(Source data Opens)

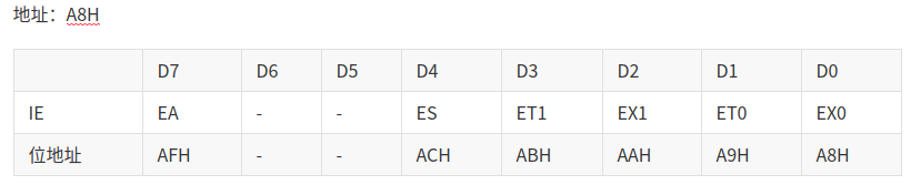 MCS-51的CPU对中断源的开放或屏蔽,是由片内的中断允许寄存器IE控制的。IE的字节地址为A8H,可进行位寻址。其格式如图4-1所示:
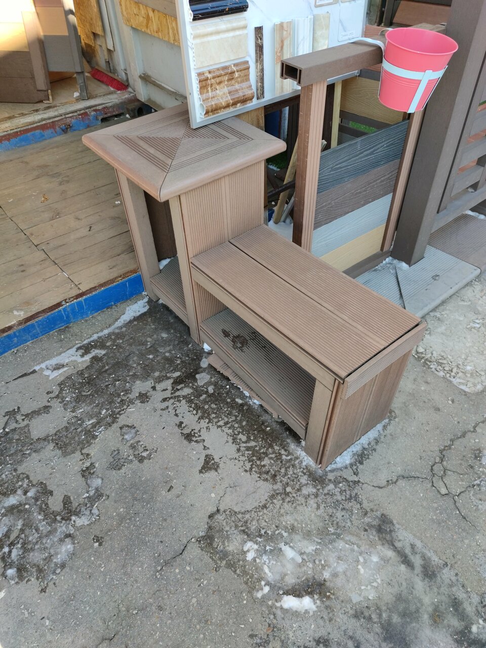 Широкий ассортимент продукции из древесно полимерного композита ( террасная доска, грядки, фасадные панели, ограждения) пластиковая садовая мебель. Можно приобрести из наличия или привезут под заказ. Рекомендую !
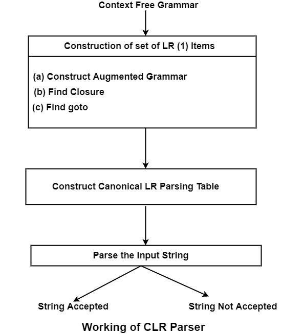 CLR 定義規範前瞻。CLR 解析使用規範的 LR(1) 專案集合來構建 CLR(1) 解析表。與 SLR(1) 解析相比,CLR(1) 解析表具有更多狀態。在 CLR(1) 中,它只能在先行符號中定位歸約節點。

(Source data Closes)

**Required work:**
Only the lines between the one containing "Широкий ассортимент продукции" and the last line of the listing above, both included, should be written out, exactly and without pictures.

**Response to this task:**
 Широкий ассортимент продукции из древесно полимерного композита ( террасная доска, грядки, фасадные панели, ограждения) пластиковая садовая мебель. Можно приобрести из наличия или привезут под заказ. Рекомендую !
 CLR 定義規範前瞻。CLR 解析使用規範的 LR(1) 專案集合來構建 CLR(1) 解析表。與 SLR(1) 解析相比,CLR(1) 解析表具有更多狀態。在 CLR(1) 中,它只能在先行符號中定位歸約節點。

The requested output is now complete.